## [Data entries]
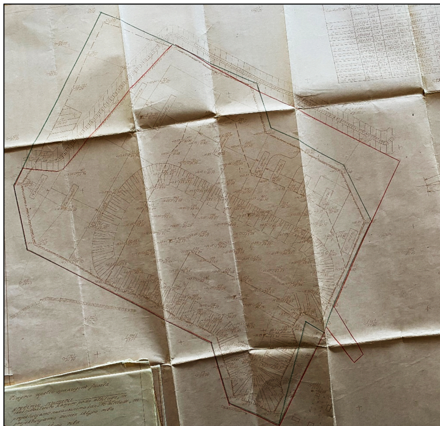
3.1.2 pav. Kalendorinis kvarcinio monomineralinio smėlio išteklių gavybos darbų planas (telkinio naudojimo (kasybos-rekultivavimo) projektas, 1992 metai)
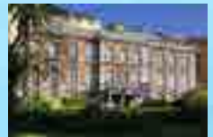
MAHP (Musée d'Art et d'Histoire de Provence)
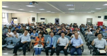
業界專家演講 接軌業界實務
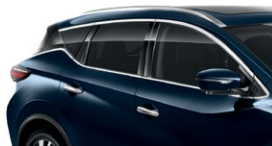
Темно-синий — RBG
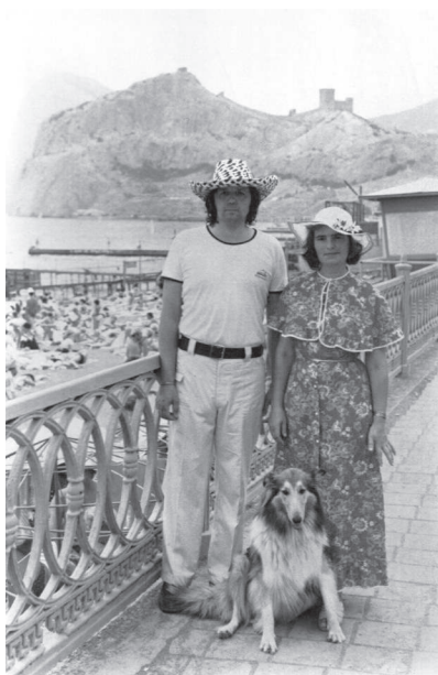
La odihnă în Crimeea, Sudac, 1988
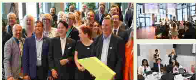
【ドイツ・ボン】 気候変動に関する国際会議への出席
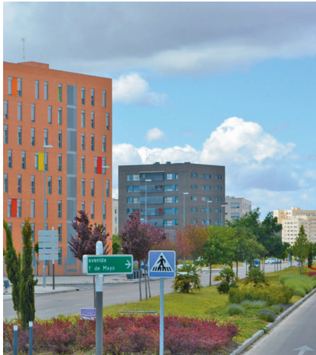
Emgiasa impulsó vivienda pública en el Ensanche Sur

Al menos esa es la intención con la que se ha aprobado esta semana la ejecución del último auto del juez de lo mercantil que desarrolla el concurso de acreedores de Emgiasa, por el que se autoriza a la entidad local a tramitar la adquisición de los activos y pasivos de la empresa. "De esta forma, lograremos recuperar un patrimonio valorado en 14 millones de eu-
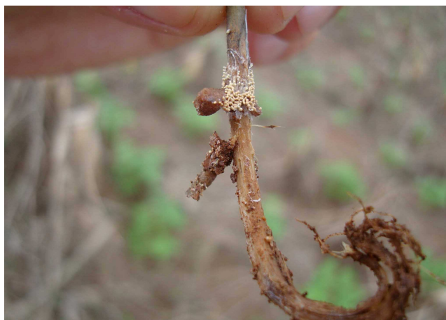
Figura 4. Presença de microescleródios sobre caule de planta de feijão caupi com sintomas de mela.

No caule da planta, observa-se descortiçamento do tecido e, em condições de alta umidade, a presença de microescleródios, de cor creme (Figura 4).
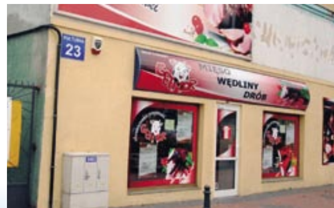
Sklep mięsny dzisiaj
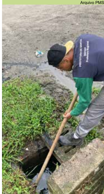
Limpeza de caixas de drenagem das ruas Particular C e D, no Caruara
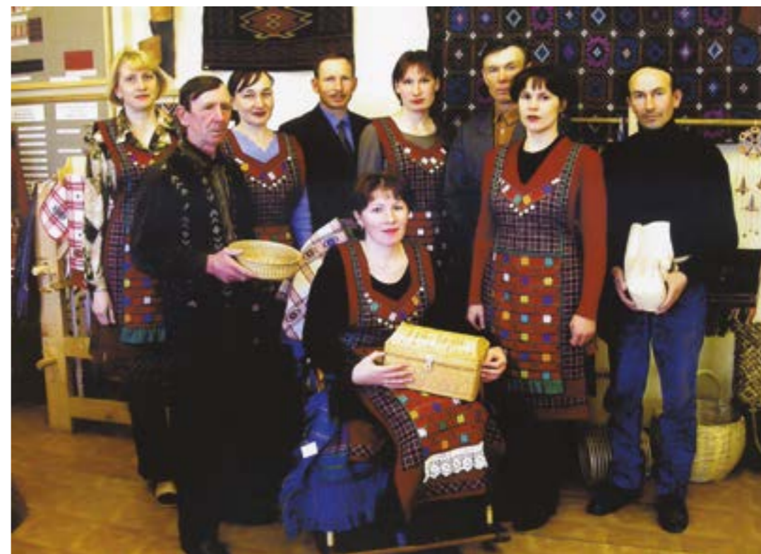
Коллектив Алнашского Центра декоративно-прикладного искусства и ремёсел. 2002 г.

лись новые направления: нар. игрушка, худ. керамика, столярно-токарное ремесло, лоскутное шитьё. Возрождён местный удм. костюм. Методисты ведут работу по восстановлению утрачен. технологий ремёсел, изучают ту этногр. среду, в к-рой эти изделия создавались и использовались. Работы методистов экспонируются на респ. темат. выст. (г. Ижевск), где проводится системат. науч. анализ их идейно-эстет. и технол. уровня. Лучшим высокохуд. работам мастеров присваиваются кат.: «Особо ценное», «Для популяризации ДПИ» либо «Экспериментальное». За этот период сложился узнаваемый алнашский стиль произведений мастеров. Экспозиции

## [WORK INSTRUCTION]
Count the lines of the data that hold the string "Emgiasa". The answer should be that number alone.

## [WORKED SOLUTION]
2